Hacer el conteo de los daños es necesario, pero no funciona para construir algo nuevo si no hay un cuestionamiento fuerte de las mentalidades que debilitaron la labor académica antes ya de estos años tan oscuros. Si los problemas de recursos materiales son ya difíciles, hacerle frente a la idea de que el trabajo que se hace no es de interés, es sentir que la batalla está perdida antes de siquiera empezar a jugársela. De los trabajos colectivos largos y difíciles que nos tocan, puede que uno tenga que ser el entender que la educación no tiene que traducirse en trabajo monetario solamente, sino en resultados que nos permitan pensar en realidades distintas, así no sea nuestro destino experimentarlas de primera mano.

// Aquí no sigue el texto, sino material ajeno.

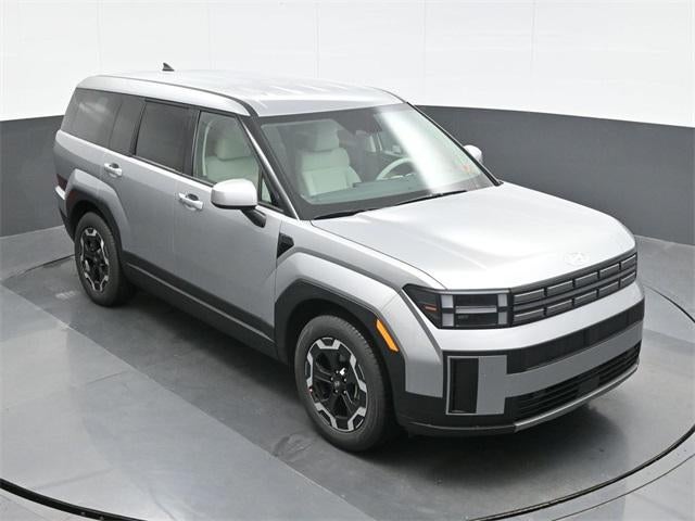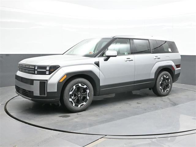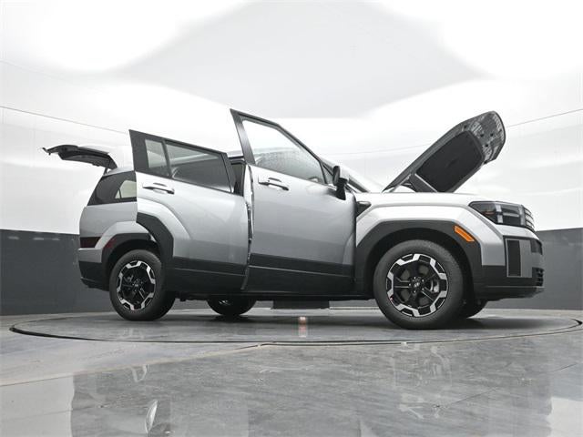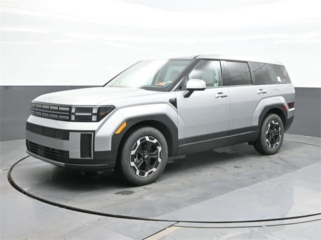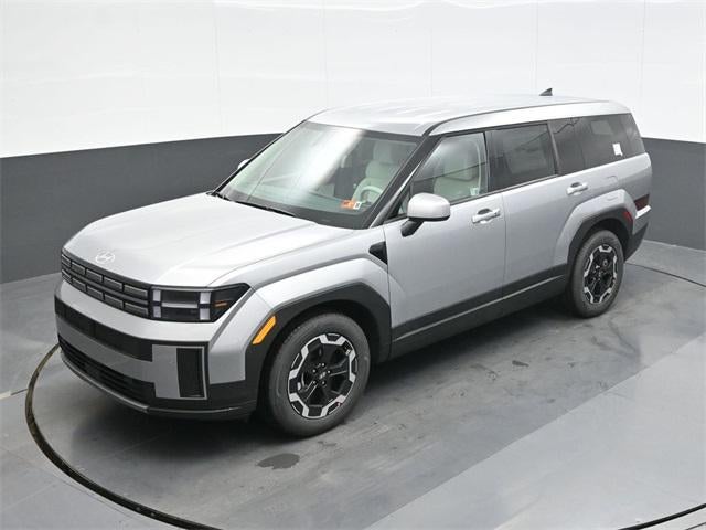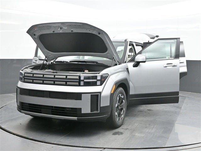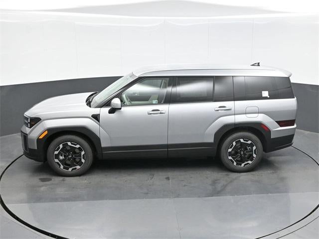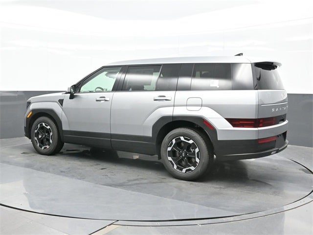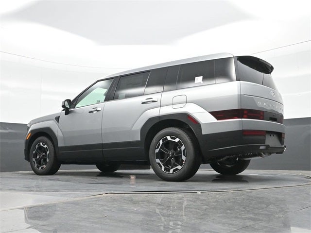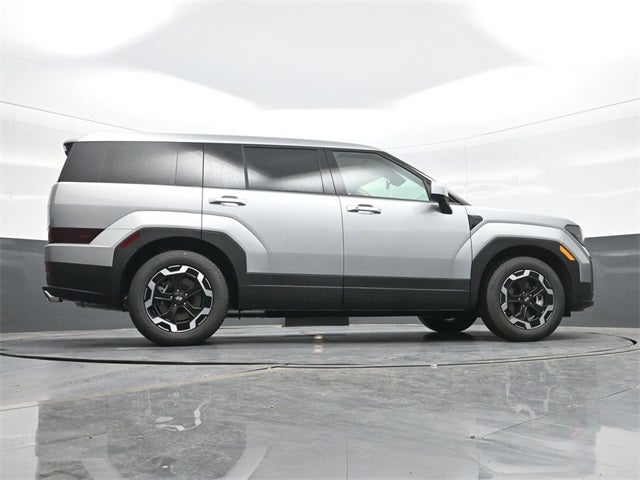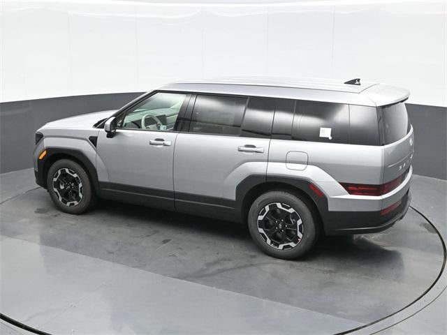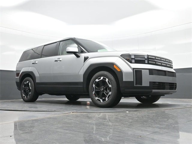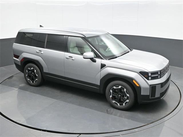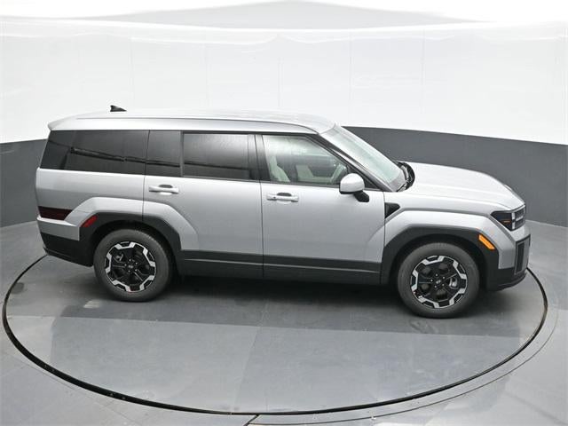 Shimmering Silver Pearl 2026 Hyundai Santa Fe SE AWD 8-Speed Automatic with SHIFTRONIC 2.5L I4 AWD, Gray Cloth. Option Group 01, AWD, Gray Cloth, 18 x 7.5J Alloy Wheels, 3rd row seats: bench, 4-Wheel Disc Brakes, 6 Speakers, ABS brakes, Air Conditioning, All Season Fitted Liners, Alloy wheels, AM/FM radio: SiriusXM, Apple CarPlay & Android Auto, Auto High-beam Headlights, Brake assist, Bumpers: body-color, Carpeted Floor Mats, Delay-off headlights, Driver door bin, Driver vanity mirror, Dual front impact airbags, Dual front side impact airbags, Electronic Stability Control, Emergency communication system, Exterior Parking Camera Rear, Four wheel independent suspension, Front anti-roll bar, Front Bucket Seats, Front Center Armrest, Front reading lights, Fully automatic headlights, Heated door mirrors, Illuminated entry, Knee airbag, Leather steering wheel, Low tire pressure warning, Occupant sensing airbag, Outside temperature display, Overhead airbag, Overhead console, Panic alarm, Passenger door bin, Passenger vanity mirror, Power door mirrors, Power Liftgate, Power steering, Power windows, Radio: AM/FM/HD Display Audio, Rear anti-roll bar, Rear seat center armrest, Rear side impact airbag, Rear window defroster, Rear window wiper, Remote keyless entry, Roadside Assistance Kit, Security system, Speed control, Speed-sensing steering, Split folding rear seat, Spoiler, Steering wheel mounted audio controls, Tachometer, Telescoping steering wheel, Tilt steering wheel, Traction control, Trip computer, Variably intermittent wipers, and YES Essentials Stain-Resistant Cloth Seat Trim.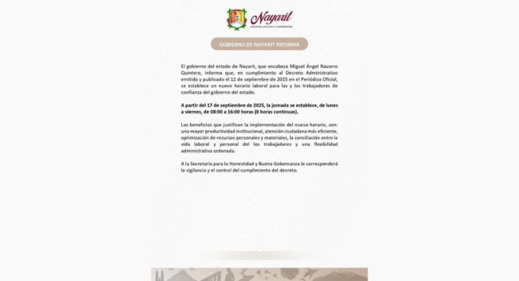 Tepic, Nayarit,13 de septiembre de 2025.- El gobierno del estado de Nayarit, que encabeza Miguel Ángel Navarro Quintero informa que, en cumplimiento al Decreto Administrativo emitido y publicado el 12 de septiembre de 2025 en el Periódico Oficial, se establece un nuevo horario laboral para las y los trabajadores de confianza del gobierno del estado.

Quizás ahora que de Venezuela sale tanto, debamos pensar en sacar a la academia de la universidad también. Las redes de investigadores venezolanos que cortaron los puentes con Venezuela y que no quieren ya pensar en soluciones, me atrevo a decir, son muy pocas. De hecho, hay casos que vale mucho la pena estudiar y que han sido impulsados por diálogos nutridos y dedicados de investigadores fuera de Venezuela con estudiantes en plena fase de formación. Eso lo lograron un grupo de investigadores en física que pusieron en marcha un programa de estudios en el que participan instituciones de varios países, no solo Venezuela.
El proyecto en sus principios logró reunir a investigadores y docentes en el exterior que se sirvieron de internet para organizar seminarios y formaciones. El proyecto sigue creciendo y puede funcionar como inspiración para el trabajo de otros que con seguridad buscarán hacer lo mismo. Sé de muchos que querrán ampliar estas redes de colaboración, me incluyo en este grupo.
Valga este caso para ver dos puntos que pueden acercarnos a ideas y a estrategias clave. El primero, que de todas las épocas en las que nos ha podido tocar ser una diáspora, la de las nuevas tecnologías no parece ser la peor. El segundo, que el trabajo de muchos académicos en el exterior no rompe sus relaciones con el país, al contrario, gana recursos y perspectivas que hacen que todo regrese justo al lugar de donde salió.